The HRT II had a higher sensitivity in detecting DME than did the RTA (92% versus 57%, respectively). The specificity was approximately the same (HRT II 68% versus RTA 71%) across the two instruments. In comparison, the OCT has a reported sensitivity and specificity in detecting CSME of 89% and 96%, respectively, within the central fovea. 28 However, it has been shown that due to its poorer spatial resolution outside the central fovea, the OCT tends to miss subtle edema beyond 500 μm of the fovea. 27 It should be noted that with the additional resolution of the OCT 3000, there is increased likelihood of detecting extrafoveal edema. Future studies are needed to assess the ability of the OCT 3000 in the mapping of early edema and the comparison of its diagnostic test performance to clinical assessment and other imaging modalities. 
There are two possible explanations for the high sensitivity and moderate specificity of the HRT II. The first would be that its diagnostic test performance is limited by the definition of the gold standard (i.e., the additional edematous areas represent early edema undetected by the gold standard).
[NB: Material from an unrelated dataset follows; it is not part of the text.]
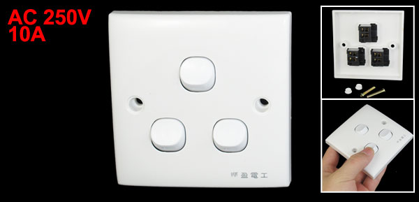 Product Name Switch Wall Plate Type SPST ON/OFF Shape Square Voltage AC 250V Current 10A Button Number 3 Gang Material Plastic, Electronic Parts Color White Installing Hole Diameter 4mm/0.2' Installing Hole Distance 60mm/2.4" Total Size 8.6 x 8.6 x 2.5cm/3.4'' x 3.4'' x 1'' (L*W*T) Weight 49g Package Content 1 x Switch Wall Plate

The second explanation would be that the HRT II is identifying false positives. It is not possible in this cross-sectional study to determine which of these two possibilities determine the diagnostic test performance of the HRT II. However, it is unlikely that the HRT II would have such a high sensitivity along with the moderate specificity, if it were identifying so many false positives. This is further supported by the observation that most of the false positives were from the diabetic subjects—that is, on the whole, the technique does not suggest that there is edema within the normal group (8/85 possible sectors). Prospective studies are ongoing that will enable us to investigate this issue. 
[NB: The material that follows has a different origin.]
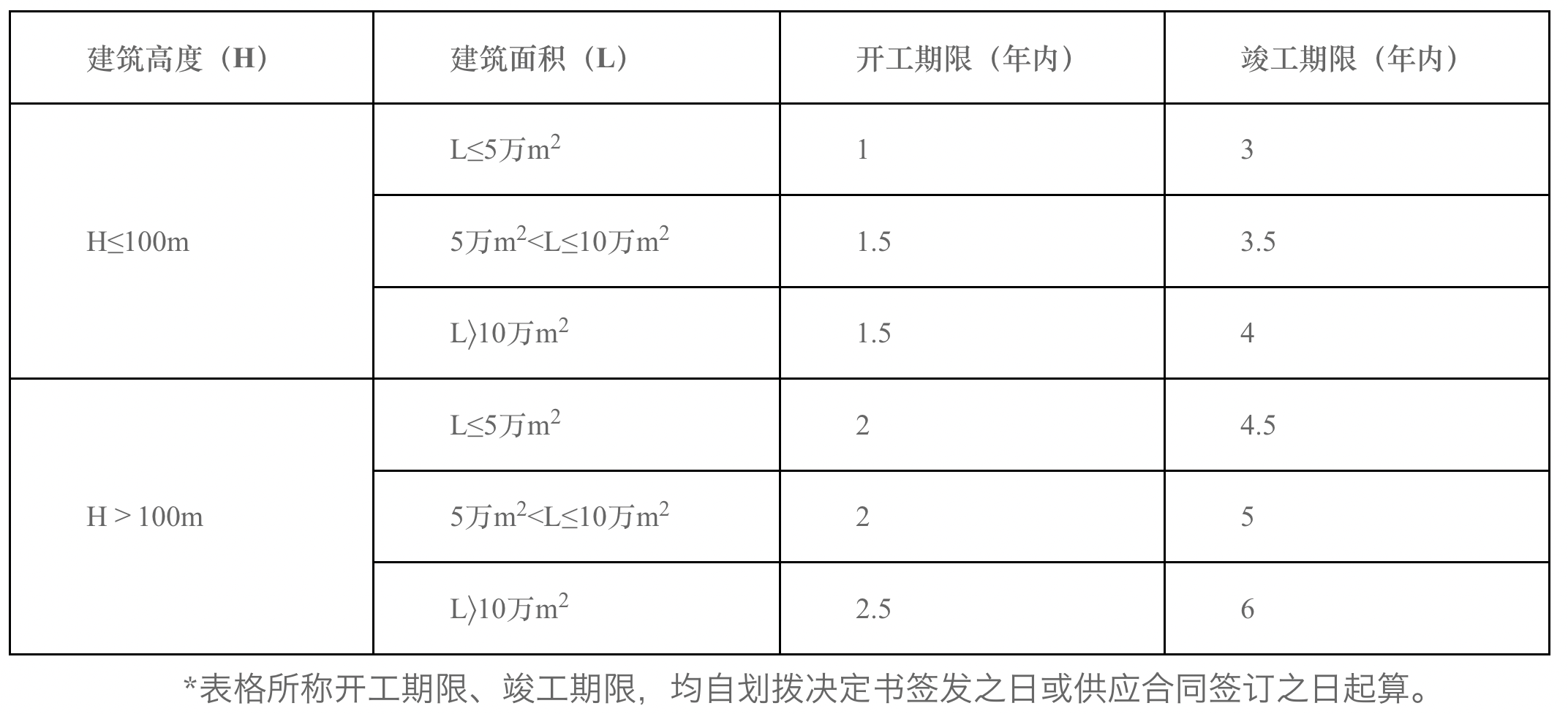 12月11日,深圳市规划和自然资源局印发《深圳市建设用地开工竣工管理办法》,为提高政策实施的有效性,根据相关法律、法规和政策规定,结合我市实际,通过对竣工定义、开竣工期限、违约金计收等内容进行修改完善,进一步规范建设用地开竣工管理。 《办法》适用于已取得国有建设用地使用权划拨决定书或已签订国有建设用地使用权出让合同、租赁合同、作价出资(入股)合同(以下简称供应合同)的建设用地开工、竣工管理。《办法》自2023年12月12日起施行,有效期5年。 住房类建设项目应在4年内竣工 《办法》根据项目用地性质、建筑高度和建筑规模的不同,对建设用地的开工、竣工期限作出规定。(一)主体功能为住房类建设项目应在划拨决定书签发之日或供应合同签订之日起1年内开工建设,自划拨决定书签发之日或供应合同签订之日起4年内竣工。(二)主体功能为非住房类建设项目的开工、竣工期限按下表规则确定。其中,建设项目地下室≥3层的,其开工日期可再延长6个月,竣工期限相应顺延。

Concerning the RTA, which has poor sensitivity and moderate specificity, its diagnostic test performance bears little similarity to the clinical gold standard. The poor sensitivity of the RTA may be explained by the dependence of the instrument on clear media and a minimum 4-mm dilated pupil, not always easy to achieve in patients with diabetes. The curve fitting algorithms used by the RTA can erroneously identify areas of apparent edema that actually represent artifact from blurred or distorted images (Fig. 5) . 26 Neubauer et al. 29 used both the OCT and the RTA to assess foveal thickness in subjects with DME and in nondiabetic subjects. They found that the RTA, in some cases, showed high retinal thicknesses in patients without clinically detectable retinal thickening when compared with OCT. This was attributed to slit images with blurred edges, and it resulted in a high interpatient COV of 33%. Our results with the RTA are further supported by the poor correlations found in two other studies comparing it with OCT 26 and clinical assessment. 18  
The level of agreement between the HRT II and RTA is poor, especially in patients with DME. This is to be expected considering the instruments’ respective diagnostic test performances and given that they measure different aspects of DME. 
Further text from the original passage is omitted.